O fenômeno, hoje conhecido como turismo excessivo, está frustrando todo mundo: os visitantes, as instituições anfitriãs e os países anfitriões, afirma Marina Novelli, professora de turismo na Universidade de Brighton, na Inglaterra. "Essa percepção de que tenho o direito de viajar e ir aonde quiser, quando quiser, não é mais possível. Vivemos em um mundo superpopuloso e as viagens estão igualmente superlotadas", explicou.

Turismo qualitativo

Novelli argumentou que os países deveriam parar de tentar atingir índices cada vez maiores no turismo e adotar uma postura mais qualitativa em relação ao costume de viajar. Instituições culturais, como o Louvre, deveriam fazer com que as pessoas se sentissem mais responsáveis pelos danos que a ocupação excessiva pode causar a museus e patrimônios históricos e tentassem mudar seu comportamento, ela acrescentou. É como entrar em um elevador, ilustrou: se tem muita gente, "você vai ficar preso".

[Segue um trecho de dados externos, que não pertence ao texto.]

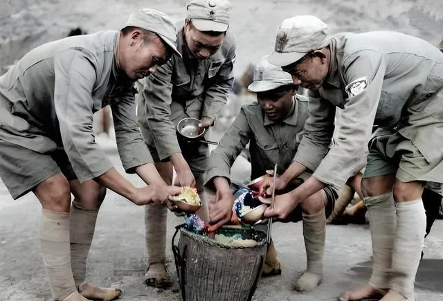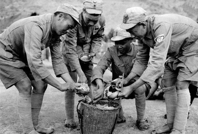 这个木桶叫伙食桶,边口磨得发亮,米饭冒着热气,里面掺了豆子和点咸菜,弟兄们一手碗一手勺,抢的不是多,是热乎,山风一吹就凉,站在怒江边吃饭要把耳朵竖起来,炮声离得近,抬头的功夫就得把两口咽下去,谁也不耽误谁。

O Louvre começou a introduzir medidas de controle de tráfego mais rígidas. O vice-diretor administrativo do museu, Vincent Pomarède, anunciou que, a partir de outubro ou novembro, todos os visitantes – mesmo os que têm direito à entrada gratuita e os portadores de passes que garantem a entrada em todos os museus de Paris – precisarão agendar um horário de visitação. Inicialmente, a medida estava programada para o início do ano que vem.

Novelli defendeu uma saída ainda mais radical para proteger os locais mais importantes do mundo. "Se a maneira de lidar com isso é proibir o acesso a uma determinada atração, que assim seja", sentenciou.